## ENTRIES SUPPLIED
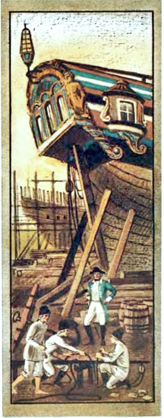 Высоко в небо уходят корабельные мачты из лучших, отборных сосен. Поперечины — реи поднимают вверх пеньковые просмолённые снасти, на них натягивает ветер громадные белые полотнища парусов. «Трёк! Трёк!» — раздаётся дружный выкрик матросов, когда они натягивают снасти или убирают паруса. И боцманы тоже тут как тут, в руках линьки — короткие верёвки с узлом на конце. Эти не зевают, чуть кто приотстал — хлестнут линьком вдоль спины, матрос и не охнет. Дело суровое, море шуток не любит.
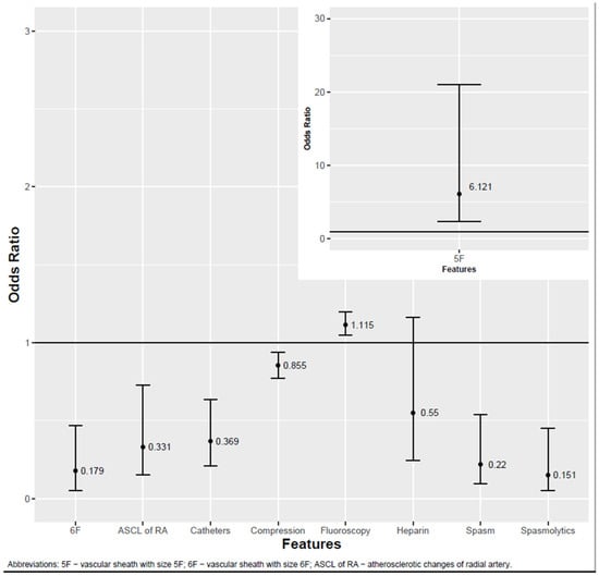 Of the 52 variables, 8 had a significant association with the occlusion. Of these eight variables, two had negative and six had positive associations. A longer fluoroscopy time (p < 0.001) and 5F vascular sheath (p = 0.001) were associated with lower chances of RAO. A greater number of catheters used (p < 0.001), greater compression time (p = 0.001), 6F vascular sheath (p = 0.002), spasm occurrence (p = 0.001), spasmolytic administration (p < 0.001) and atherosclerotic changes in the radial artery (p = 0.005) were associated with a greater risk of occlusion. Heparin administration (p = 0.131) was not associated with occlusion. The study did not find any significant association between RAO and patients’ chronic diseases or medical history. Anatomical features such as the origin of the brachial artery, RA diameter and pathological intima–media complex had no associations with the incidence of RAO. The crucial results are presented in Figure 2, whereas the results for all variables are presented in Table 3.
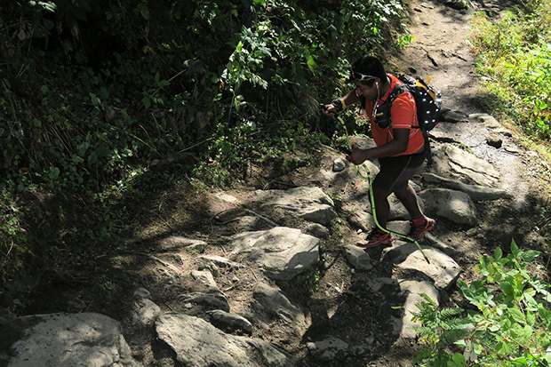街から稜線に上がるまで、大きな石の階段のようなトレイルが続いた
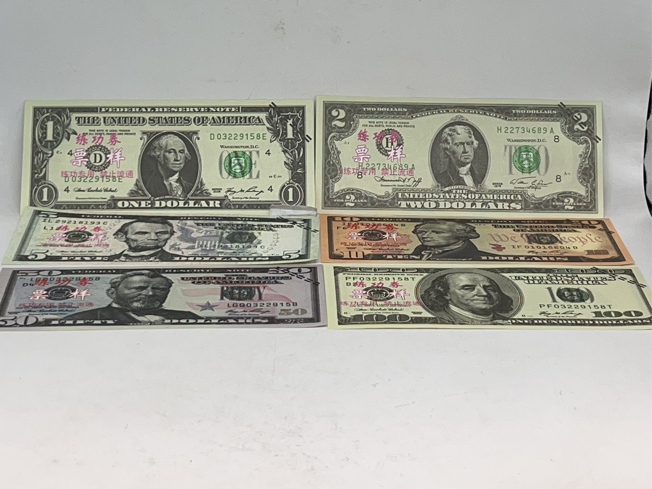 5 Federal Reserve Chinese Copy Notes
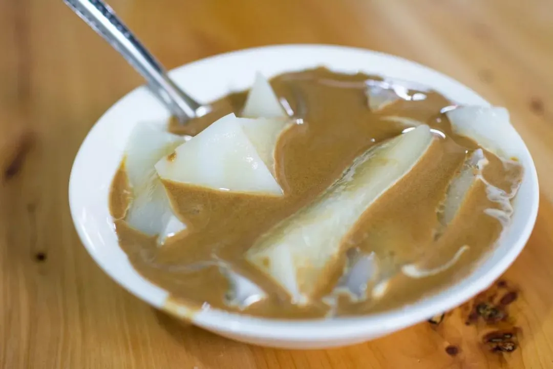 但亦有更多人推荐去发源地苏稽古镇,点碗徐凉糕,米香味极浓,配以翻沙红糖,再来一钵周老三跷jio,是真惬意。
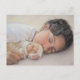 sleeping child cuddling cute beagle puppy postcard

## EXERCISE GOAL
Copy exactly, and copy only, the lines from the one bearing "街から稜線に上がるまで、大きな石の階段のようなトレイルが続いた" through the closing line of the material, with both ends kept and pictures removed.

## TASK RESULT
街から稜線に上がるまで、大きな石の階段のようなトレイルが続いた
 5 Federal Reserve Chinese Copy Notes
 但亦有更多人推荐去发源地苏稽古镇,点碗徐凉糕,米香味极浓,配以翻沙红糖,再来一钵周老三跷jio,是真惬意。
 sleeping child cuddling cute beagle puppy postcard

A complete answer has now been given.